Table 1 Strategies for transcriptional factor engineering

Global transcription machinery engineering (gTME), which focuses on introducing mutations in generic transcription-related proteins that trigger the reprogramming of gene networks and cellular metabolism, has proven to be a versatile approach to altering cell robustness. For example, engineering the housekeeping sigma factor δ70 improved the E. coli tolerance to 60 g/L ethanol and high concentrations of SDS, while resulting in a high yield of lycopene (Alper and Stephanopoulos 2007). The gTME strategy has also been used in the more complex eukaryotic transcriptional machinery S. cerevisiae to increase its resistance to high concentrations of glucose and ethanol. Two target proteins Spt15 and Taf25 were selected for constructing ep-PCR gene libraries, and the resulting best mutant spt15-300 showed a significant growth improvement in the presence of 6% (v/v) ethanol and 100 g/L glucose (Alper et al. 2006).

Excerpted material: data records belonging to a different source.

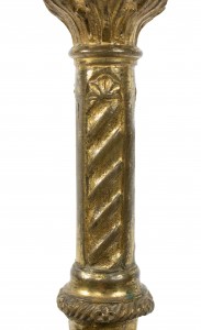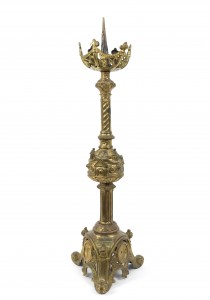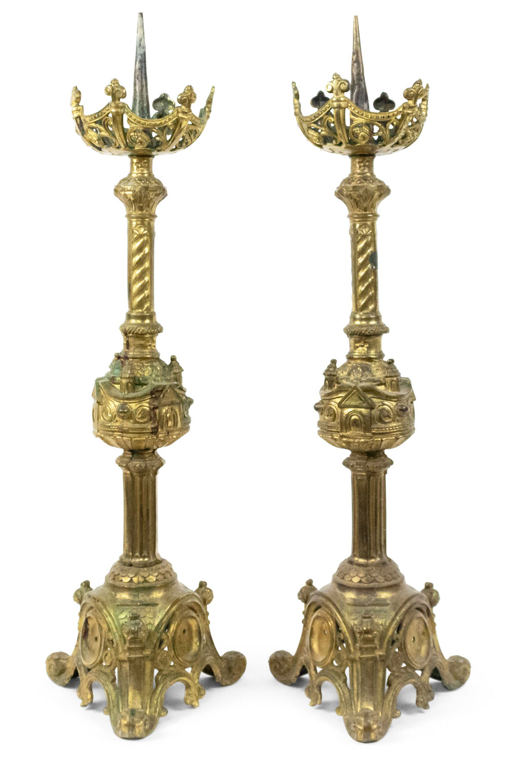 PAIR of Italian Renaissance-style (19th Century) bronze altar sticks with swirl top and fluted bottom with round center and scroll filigree base (PRICED AS PAIR).
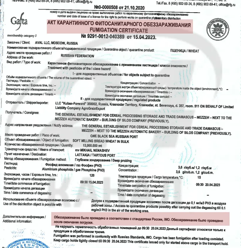 Поскольку никаких документов, свидетельствующих о российском происхождении зерна, предоставить никто не может, работники россельхознадзора и морских терминалов изготавливают бумаги уже непосредственно перед загрузкой на корабли. На судах проводят и фумигацию (обработку от насекомых), и необходимые исследования на наличие в продукции болезней и паразитов.
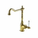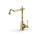 Назначение: кухонный • Конструкция: однорычажный • Монтаж: горизонтальный • Клапан: керамический • Материал: латунь, покрытие - бронза • Подводка: гибкая • Монтажные отверстия: 1 отверстие • Форма излива: традиционная • Душевая лейка в комплекте: нет
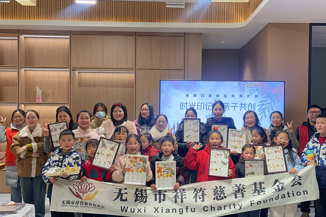 1月9日,无锡市祥符慈善基金会携手滨湖区邻聚社工在善行益站开展以“花开时节·时光有礼”为主题的干花日历亲子手工活动。本次活动吸引了13组亲子家庭积极参与,在温馨互动与创意手作中,共同度过了充满艺术气息和亲子互动的美好时光。
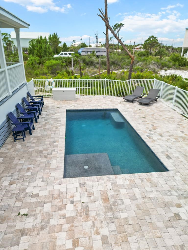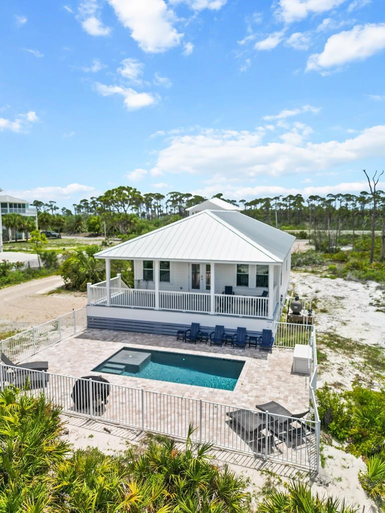 Take a slow down to "three quarter time" in this beautiful beach home only steps away from the emerald colored waters of the Gulf.. What's the best part? NO HOA. Take a dip in the newly added in-ground private swimming pool, with pavers surrounding, and fenced in. Take in the ocean breeze on the sizable covered front porch lounging area. Then, take a step inside to the main living and dining areas which are open concept with vaulted ceilings. Move down the hallway to find three bedrooms, a mermaid tiled shower, and master bathroom. Quality is the word that comes to mind when you see the tile working in the bathrooms and trimmings throughout the home. Truly an oasis on the highly sought after area of North Cape San Blas, where the water is clear and the sand is white as snow. Sandy? No issue, there is also an enclosed outdoor shower conveniently located by the pool and front porch. The property makes for a fantastic short term rental, second, or primary residence as Swirly Sun Dr is a peaceful area with little to no traffic. Step away from the chaos and find your three quarter time in Cape San Blas, Florida.
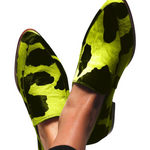 Aggiungi un tocco giocoso al tuo guardaroba con i nostri mocassini con stampa in pelle di mucca, perfetti per un look quotidiano irresistibile. Grazie alla loro forma affusolata, questi mocassini offrono una silhouette elegante e raffinata che si abbina meravigliosamente a outfit casual.
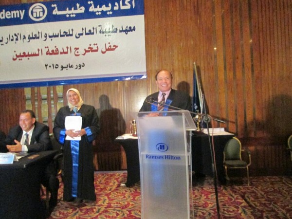 نظمت اكاديمية طيبة المعادى برئاسة الدكتور صديق عفيفى مساء الأثنين حفل تخرج الدفعه السبعين لمعهد طيبة العالى للحاسب و العلوم الاداريه بأحد الفنادق الكبرى بالقاهرة
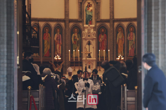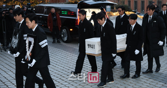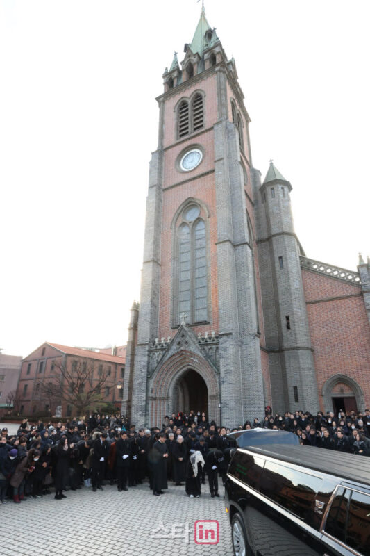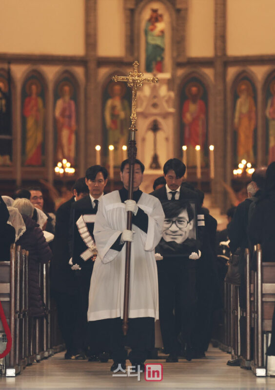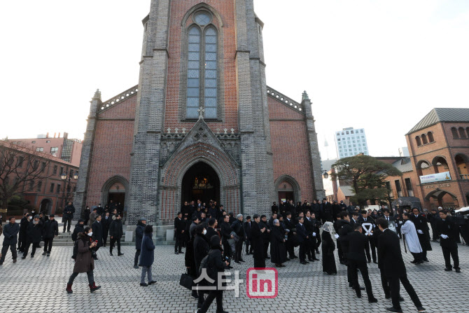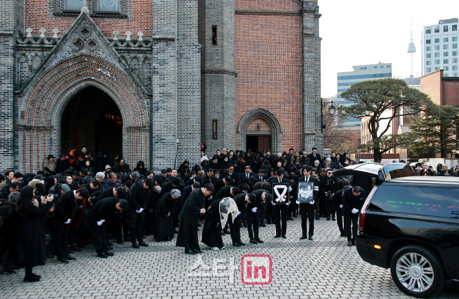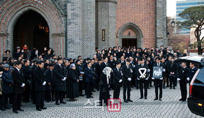 俳優のチョン・ウソンとイ・ジョンジェが9日午前、ソウル市チュング(中区)のミョンドン(明洞)聖堂で執り行われた故アン・ソンギさんの葬礼ミサを終え、聖堂を後にしている。
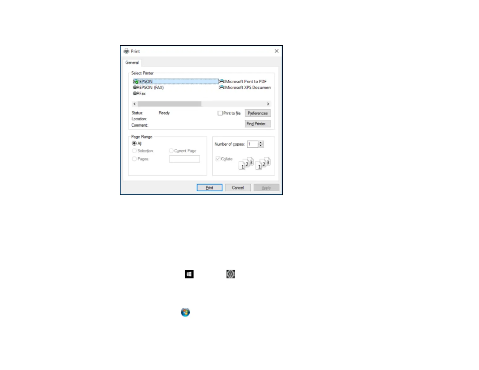 • Windows 7: Click and select Devices and Printers. Right-click your product and select
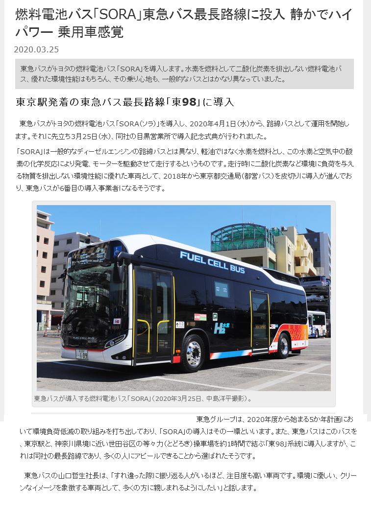 2018年からトヨタの水素燃料電池バス「SORA」の導入が都営バスで始まり、東急バスの導入
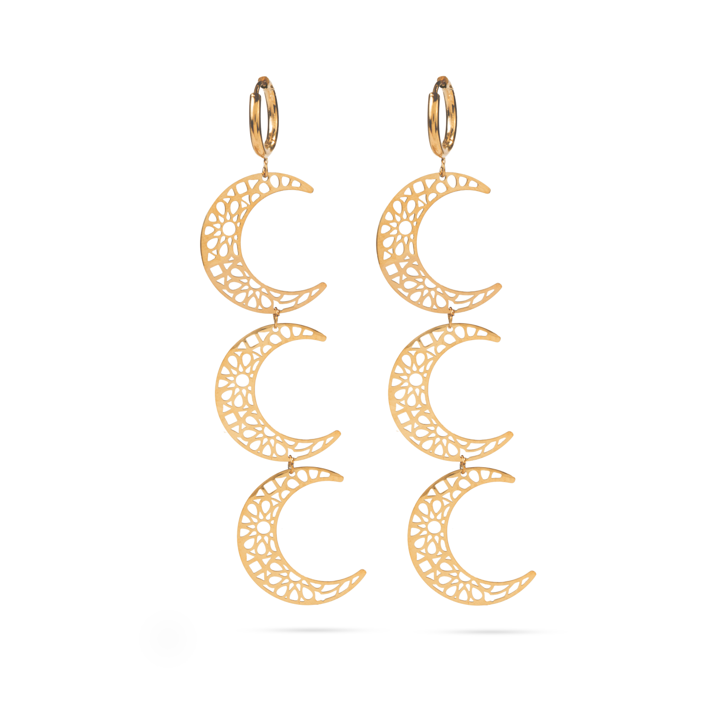 Un diseño largo con tres lunas crecientes caladas que aporta movimiento y un aire místico.

Further studies extended the gTME method to different organisms such as Lactobacillus plantarum, Rhodococcus ruber, and Z. mobilis to enhance their acid tolerance, acrylamide tolerance, and ethanol tolerance, respectively (Klein-Marcuschamer and Stephanopoulos 2008; Ma and Yu 2012; Tan et al. 2016a).

In addition to δ70, the cAMP receptor protein (CRP), which regulates more than 400 genes, has been successfully evolved to improve alcohol tolerance, and acid tolerance, and increase biosynthetic capacities such as vanillin, naringenin and caffeic acid (Basak et al. 2014; Geng and Jiang 2015; Zhang et al. 2023). For example, heterologous expression of the global regulator irrE from Deinococcus radiodurans and its mutant IrrE increased tolerance against ethanol or butanol stress in E. coli by 10 to 100-fold (Chen et al. 2011). Thereafter, by overexpression of the response regulator DR1558 from D. radiodurans, the engineered E. coli increased tolerance to osmotic stress at high concentrations of 300 g/L glucose and 2 mol/L NaCl (Guo et al. 2017). GlxR, the CRP homolog in Corynebacterium glutamicum, can directly control the transcription of approximately 14% of annotated genes (Kohl and Tauch 2009). Overexpression of GlxR and the other global transcription factors RamA and SugR significantly improves the N-acetylglucosamine biosynthesis in C. glutamicum (Deng et al. 2021). Zinc finger-based artificial transcription factors have also been developed to modulate gene expression in various organisms (Lee et al. 2008; Negi et al. 2023).

Unlike the global transcription factors, specific transcription factors generally regulate the individual gene expression, including transcriptional activators and repressors. The regulon-specific transcription factor Haa1, which is involved in the activation of approximately 80% of the acetic acid-responsive genes, has been engineered to improve acetic acid tolerance in S. cerevisiae (Cunha et al. 2018; Swinnen et al. 2017).

As mentioned above, the diversity of transcription factors from different organisms provides more opportunities to engineer microbial cell factories with different resistance to different scale-up conditions. For example, for a specific tolerance such as ethanol, different transcription factors (e.g. rpoD, Rpb7 and irrE) could be selected for engineering by overexpression of their wild-type or mutant. At the same time, the TF such as Crp could be used to enhance multiple tolerance while maintaining the production capacity of the host cells. From the viewpoint of metabolic engineering, transcription factors have the unique merit of providing “multi-point regulation” to compensate for the insufficient effect of single-key gene modification.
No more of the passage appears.